■ **Required work**
Only one span is wanted from the lines below: from the one with "- kuchnia z" up to and including the one with "Sekko series 1SE500716". Copy it exactly, without images.

■ **Given records**
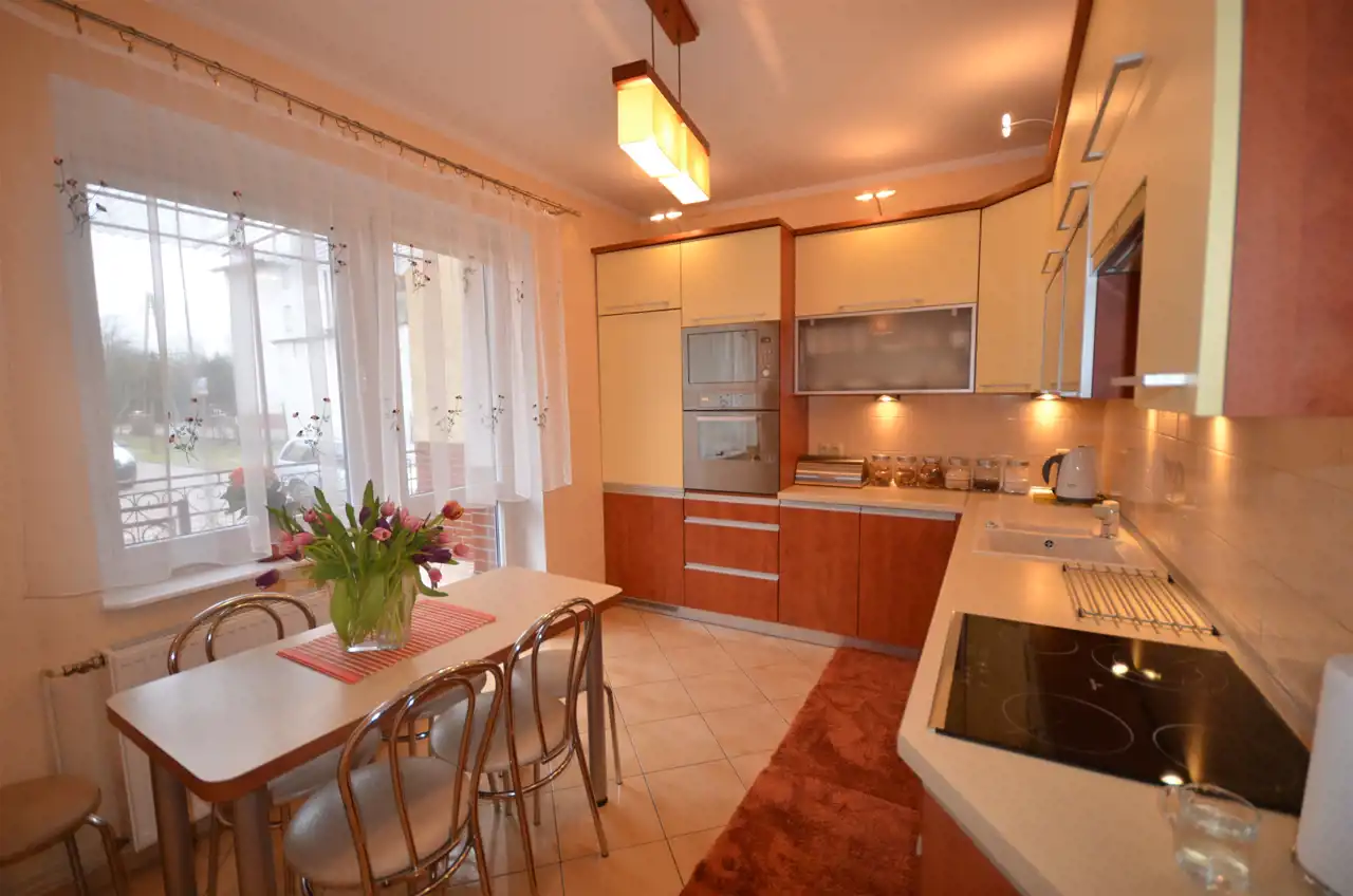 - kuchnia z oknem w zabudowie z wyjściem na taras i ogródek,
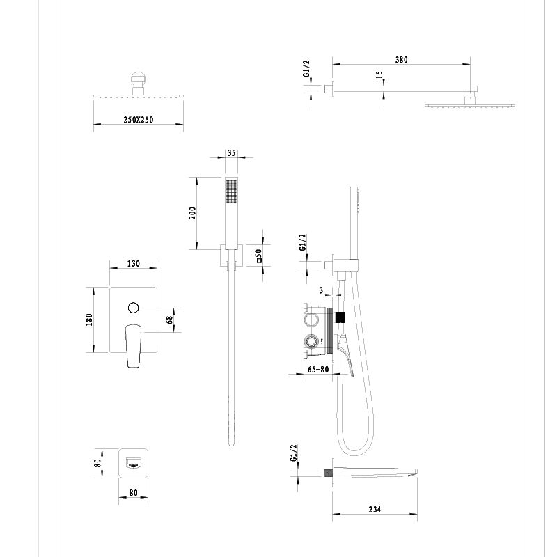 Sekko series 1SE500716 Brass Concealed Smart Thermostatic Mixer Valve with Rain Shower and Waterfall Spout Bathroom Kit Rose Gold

* * *

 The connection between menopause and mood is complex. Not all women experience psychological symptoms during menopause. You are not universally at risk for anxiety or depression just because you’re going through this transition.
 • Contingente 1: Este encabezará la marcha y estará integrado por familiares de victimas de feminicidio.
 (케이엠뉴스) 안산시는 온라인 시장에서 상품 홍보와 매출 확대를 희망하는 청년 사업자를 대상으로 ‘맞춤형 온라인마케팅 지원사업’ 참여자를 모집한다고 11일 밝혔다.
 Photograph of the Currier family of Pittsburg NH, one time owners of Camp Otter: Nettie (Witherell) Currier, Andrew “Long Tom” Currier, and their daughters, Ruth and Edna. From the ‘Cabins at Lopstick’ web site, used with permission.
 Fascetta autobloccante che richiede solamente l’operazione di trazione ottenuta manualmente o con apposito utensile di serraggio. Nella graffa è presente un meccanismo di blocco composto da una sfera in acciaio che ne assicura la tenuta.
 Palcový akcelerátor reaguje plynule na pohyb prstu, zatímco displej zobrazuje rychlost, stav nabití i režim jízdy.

...

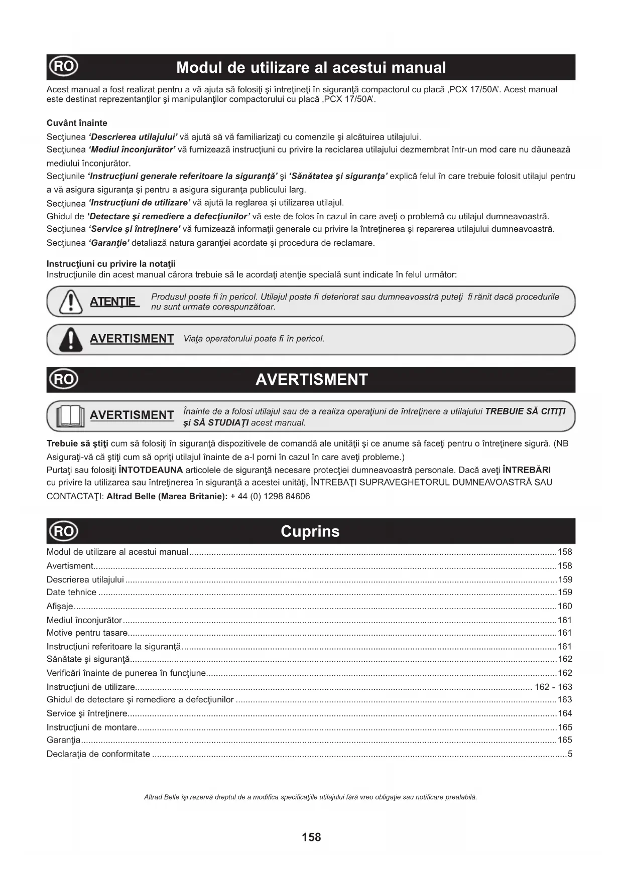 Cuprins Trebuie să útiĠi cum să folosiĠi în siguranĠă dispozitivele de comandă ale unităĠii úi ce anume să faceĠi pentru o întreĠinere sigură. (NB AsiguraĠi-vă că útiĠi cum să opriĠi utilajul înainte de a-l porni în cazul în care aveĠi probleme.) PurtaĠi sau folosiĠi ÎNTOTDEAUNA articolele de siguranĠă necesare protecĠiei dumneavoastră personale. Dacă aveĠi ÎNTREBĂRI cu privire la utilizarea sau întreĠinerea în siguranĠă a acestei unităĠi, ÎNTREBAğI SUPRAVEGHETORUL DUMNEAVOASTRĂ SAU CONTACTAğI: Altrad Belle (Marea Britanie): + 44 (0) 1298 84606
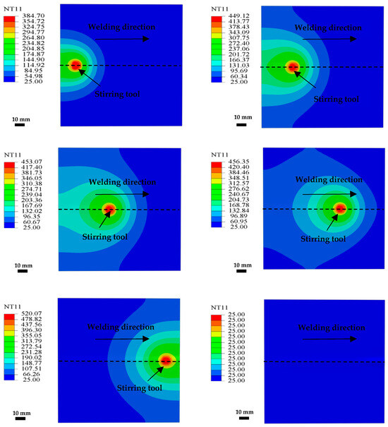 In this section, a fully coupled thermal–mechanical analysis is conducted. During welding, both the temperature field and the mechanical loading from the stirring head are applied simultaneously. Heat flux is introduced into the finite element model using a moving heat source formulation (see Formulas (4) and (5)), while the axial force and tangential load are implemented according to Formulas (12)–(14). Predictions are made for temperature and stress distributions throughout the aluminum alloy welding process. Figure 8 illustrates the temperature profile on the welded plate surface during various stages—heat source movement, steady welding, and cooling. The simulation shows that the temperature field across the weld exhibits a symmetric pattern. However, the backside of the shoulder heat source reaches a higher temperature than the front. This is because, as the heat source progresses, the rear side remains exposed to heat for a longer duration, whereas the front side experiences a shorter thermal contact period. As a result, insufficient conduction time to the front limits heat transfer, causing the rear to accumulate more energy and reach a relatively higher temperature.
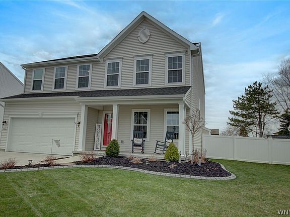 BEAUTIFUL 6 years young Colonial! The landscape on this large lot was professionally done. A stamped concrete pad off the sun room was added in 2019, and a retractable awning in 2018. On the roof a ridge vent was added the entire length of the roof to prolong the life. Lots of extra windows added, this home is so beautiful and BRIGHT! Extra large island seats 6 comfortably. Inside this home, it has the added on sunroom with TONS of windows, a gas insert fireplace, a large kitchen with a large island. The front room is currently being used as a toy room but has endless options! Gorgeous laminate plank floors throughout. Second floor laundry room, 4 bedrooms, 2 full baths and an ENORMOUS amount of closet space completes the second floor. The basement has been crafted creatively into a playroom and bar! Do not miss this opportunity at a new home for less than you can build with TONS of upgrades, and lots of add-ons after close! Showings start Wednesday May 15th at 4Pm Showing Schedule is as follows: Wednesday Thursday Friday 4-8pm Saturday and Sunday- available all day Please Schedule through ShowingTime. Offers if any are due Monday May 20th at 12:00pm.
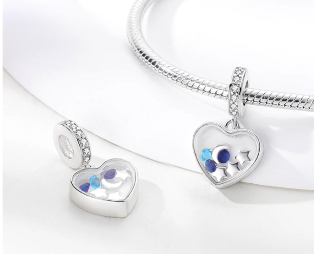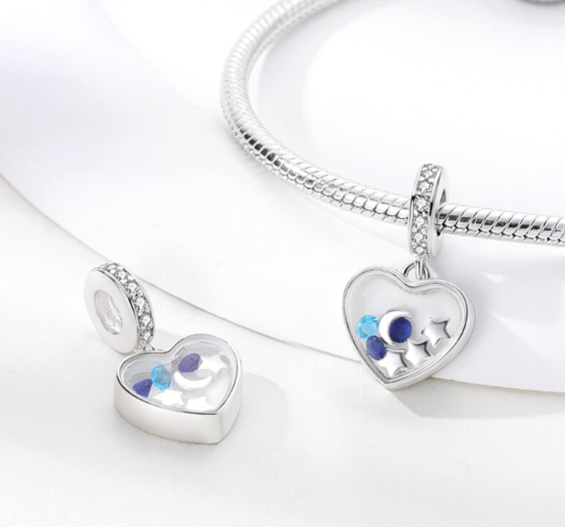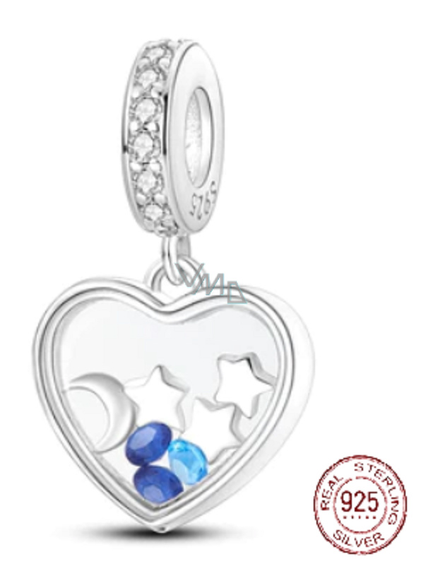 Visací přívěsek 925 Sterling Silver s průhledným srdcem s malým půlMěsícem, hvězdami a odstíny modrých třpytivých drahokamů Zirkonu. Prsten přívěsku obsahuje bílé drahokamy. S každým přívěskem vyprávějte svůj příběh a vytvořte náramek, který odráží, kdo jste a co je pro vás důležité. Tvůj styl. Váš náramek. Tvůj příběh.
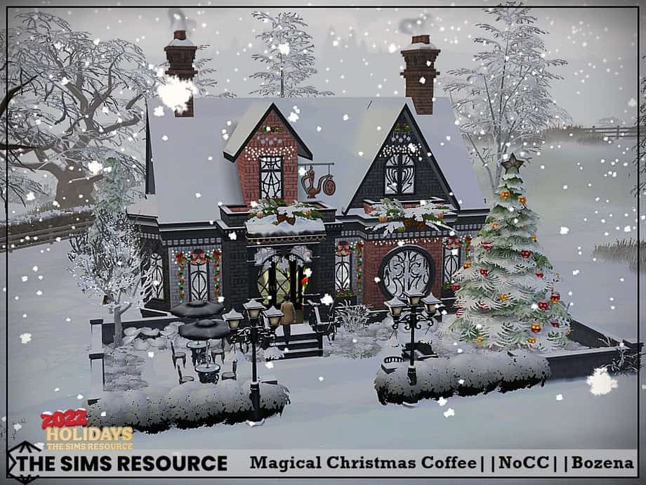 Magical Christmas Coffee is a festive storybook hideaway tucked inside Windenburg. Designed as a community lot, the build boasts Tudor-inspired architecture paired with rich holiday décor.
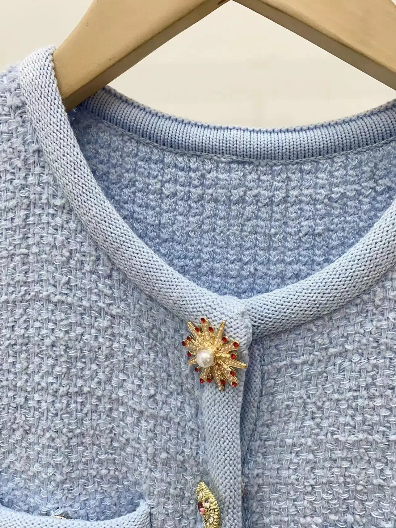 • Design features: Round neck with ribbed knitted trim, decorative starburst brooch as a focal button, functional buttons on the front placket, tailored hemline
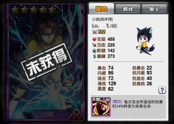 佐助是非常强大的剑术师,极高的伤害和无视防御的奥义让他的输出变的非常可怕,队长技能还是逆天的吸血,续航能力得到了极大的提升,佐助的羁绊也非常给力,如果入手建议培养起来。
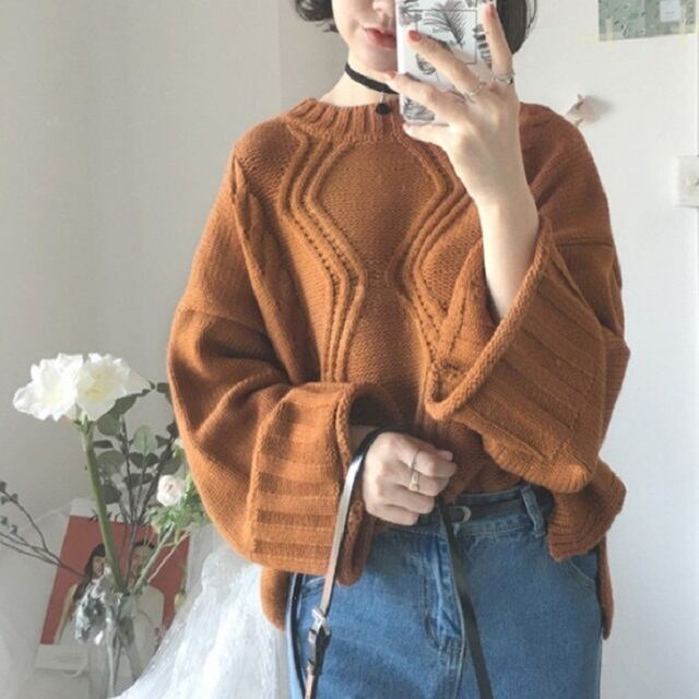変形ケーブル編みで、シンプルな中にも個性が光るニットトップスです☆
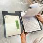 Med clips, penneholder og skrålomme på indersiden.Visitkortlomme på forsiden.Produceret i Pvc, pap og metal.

■ **Task result**
 - kuchnia z oknem w zabudowie z wyjściem na taras i ogródek,
 Sekko series 1SE500716 Brass Concealed Smart Thermostatic Mixer Valve with Rain Shower and Waterfall Spout Bathroom Kit Rose Gold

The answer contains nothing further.